Your goal: The material below has pictures in it. Set down only the lines from the line containing "<html> <head> </head>" through the line containing "MERITLINE Queen Murphy", word for word, and leave the pictures behind.
***** Provided information
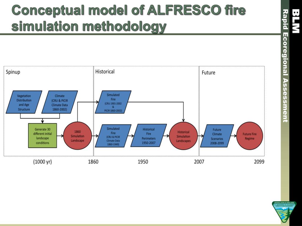 Conceptual model of downscaled climate products Monthly projected data, temp and precip, to 2100, for 3 emission scenarios Global Circulation Models (AR4) 5 highest –performing models Downscaling with PRISM 1971-2000 baseline, 771m resolution GCM selection Data selection Data processing 5-model composite, A2 and A1B scenarios, baseline plus 2020s, 2050s, 2060s (decadal averages) Selection of key variables pertinent to CEs Inputs to ALFRESCO, Cliomes model, and GIPL permafrost model; creation of freeze, thaw, and season length interpolations Data selection Climate Model See model schematics for full inputs Fire Model Permafrost Model Biome shift model
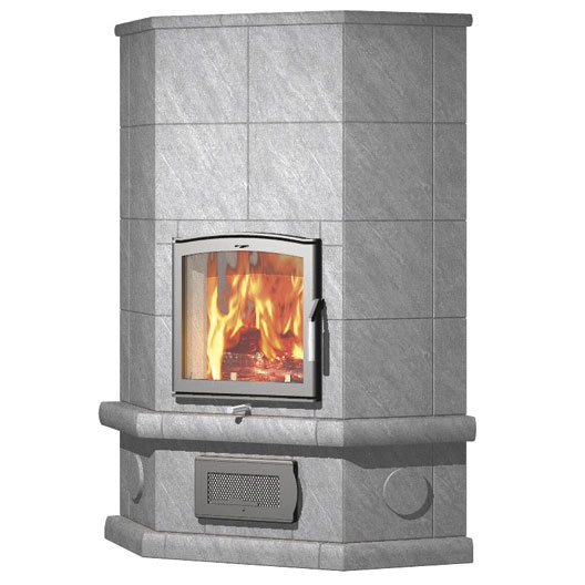 Угловой камин с задним нижним подключением. Для больших помещений.
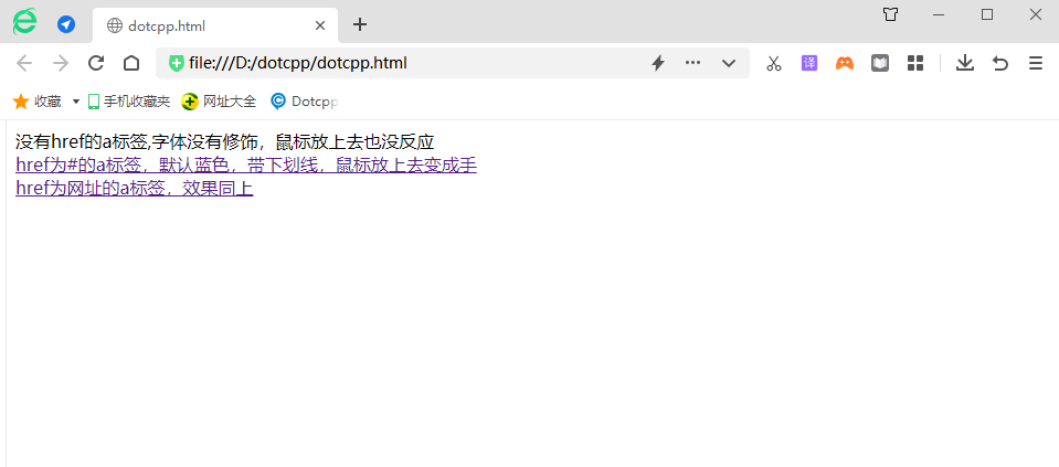 <html> <head> </head> <body > <a>没有href的a标签,字体没有修饰,鼠标放上去也没反应</a> </br> <a href="#" target="_blank"> href为#的a标签,默认蓝色,带下划线,鼠标放上去变成手 </a> </br> <a href="https://www.dotcpp.com/" target="_blank" >href为网址的a标签,效果同上</a> </body> </html>
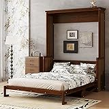 MERITLINE Queen Murphy Bed with Desk, Solid Wood Vertical Murphy Wall Bed Cabinet with Storage Shelves Space-Saving Hidden Bedframe (Walnut,Queen)
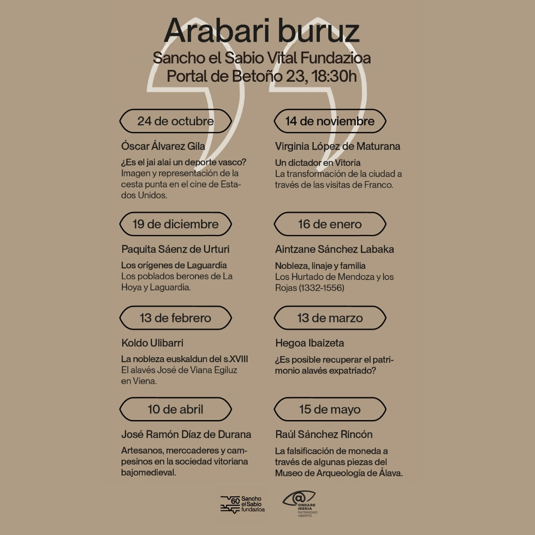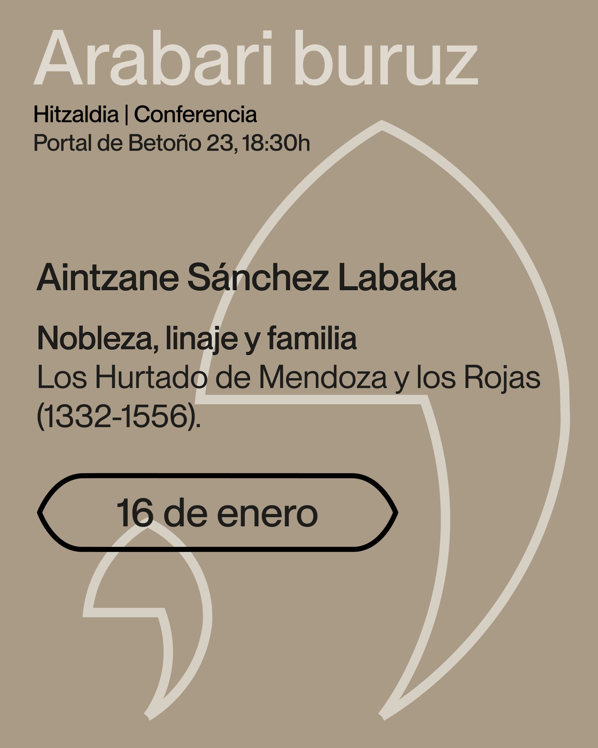 Seguimos en este 2025 con el ciclo de conferencias Arabari Buruz, que tiene lugar en la Fundación Sancho el Sabio. En esta ocasión nos adentraremos de la mano de la historiadora Aintzane Sánchez Labaka en las estrategias internas que llevaron a cabo los linajes de los Hurtado de Mendoza y los Rojas (situados en Montaña Alavesa) durante el final de la Edad Media. En esta conferencia, titulada «Nobleza, linaje y familia. Los Hurtado de Mendoza y los Rojas (1332-1556)» se ahondará en el funcionamiento interno de la nobleza alavesa, poniendo especial atención en la onomástica y las estrategias matrimoniales llevadas a cabo por los diferentes miembros de los linajes. Esto permitirá no solo conocer con mayor profundidad las dinámicas sociales de finales de la Edad Media, sino también la influencia política de las decisiones familiares. La entrada es libre hasta completar aforo. ¡Os esperamos!
**********
Exercise result:
 <html> <head> </head> <body > <a>没有href的a标签,字体没有修饰,鼠标放上去也没反应</a> </br> <a href="#" target="_blank"> href为#的a标签,默认蓝色,带下划线,鼠标放上去变成手 </a> </br> <a href="https://www.dotcpp.com/" target="_blank" >href为网址的a标签,效果同上</a> </body> </html>
 MERITLINE Queen Murphy Bed with Desk, Solid Wood Vertical Murphy Wall Bed Cabinet with Storage Shelves Space-Saving Hidden Bedframe (Walnut,Queen)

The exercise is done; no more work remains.